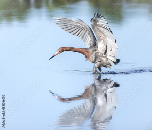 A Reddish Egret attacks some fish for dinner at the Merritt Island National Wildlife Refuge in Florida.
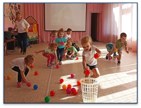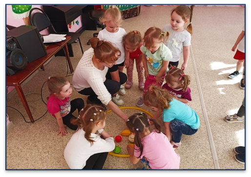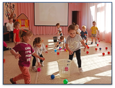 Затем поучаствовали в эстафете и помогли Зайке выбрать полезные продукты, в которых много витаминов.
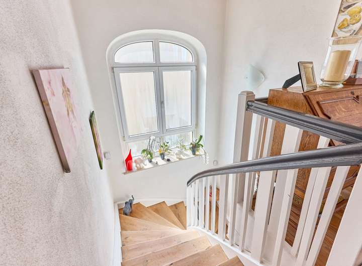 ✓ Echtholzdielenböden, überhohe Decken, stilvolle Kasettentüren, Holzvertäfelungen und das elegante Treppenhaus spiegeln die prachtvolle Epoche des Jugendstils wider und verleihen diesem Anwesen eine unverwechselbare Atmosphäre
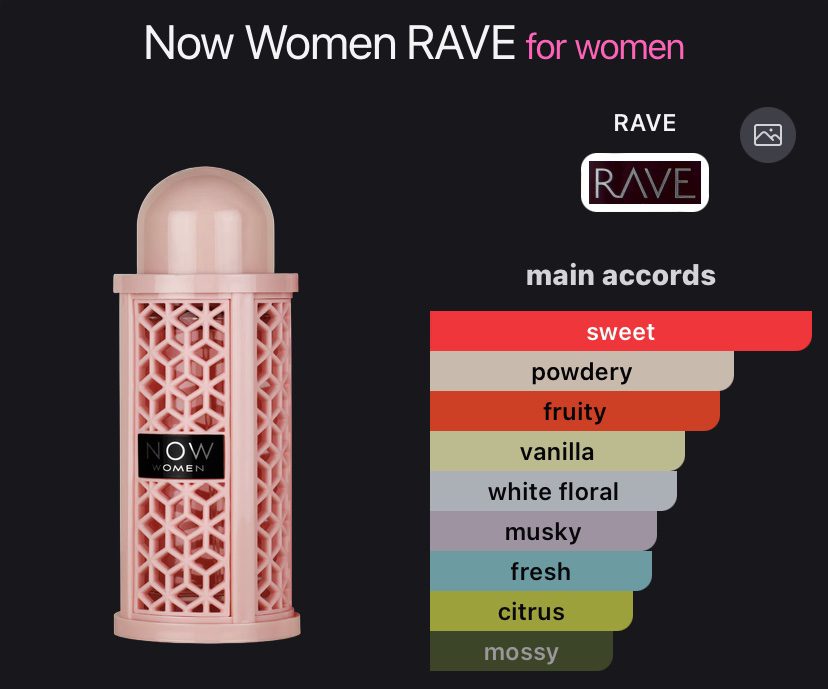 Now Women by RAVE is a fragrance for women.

= = = = = = =

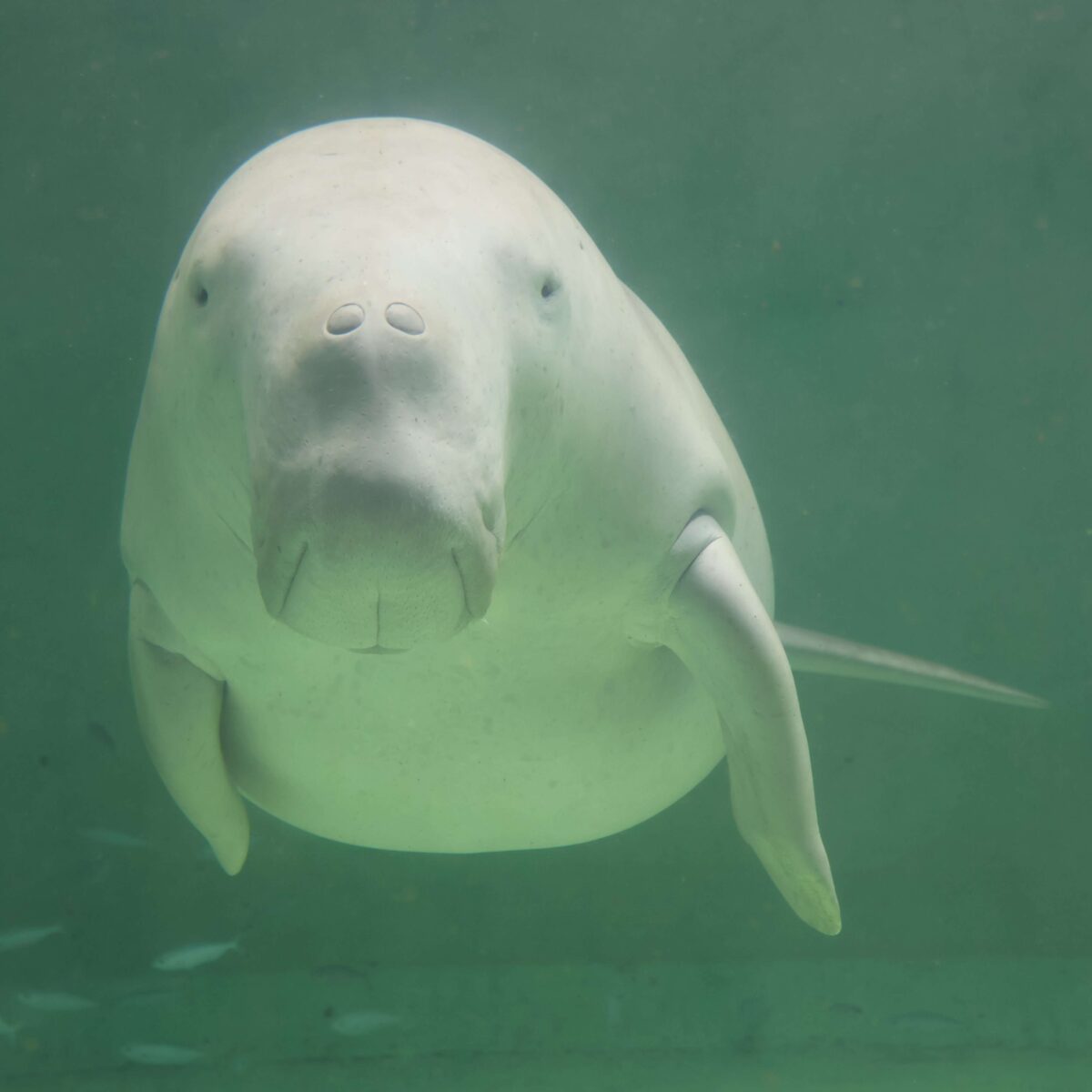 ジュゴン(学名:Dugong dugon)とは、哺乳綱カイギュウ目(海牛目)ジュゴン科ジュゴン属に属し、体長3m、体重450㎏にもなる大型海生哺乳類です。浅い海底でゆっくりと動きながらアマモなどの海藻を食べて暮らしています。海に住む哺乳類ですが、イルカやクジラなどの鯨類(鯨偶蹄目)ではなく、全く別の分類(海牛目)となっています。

= = = = = = =

The line holding "eine unverwechselbare Atmosphäre" starts the copy and the line holding "Now Women by RAVE is a fragrance for women." ends it. Repeat those two lines above and all between them exactly, leaving out pictures.

 ✓ Echtholzdielenböden, überhohe Decken, stilvolle Kasettentüren, Holzvertäfelungen und das elegante Treppenhaus spiegeln die prachtvolle Epoche des Jugendstils wider und verleihen diesem Anwesen eine unverwechselbare Atmosphäre
 Now Women by RAVE is a fragrance for women.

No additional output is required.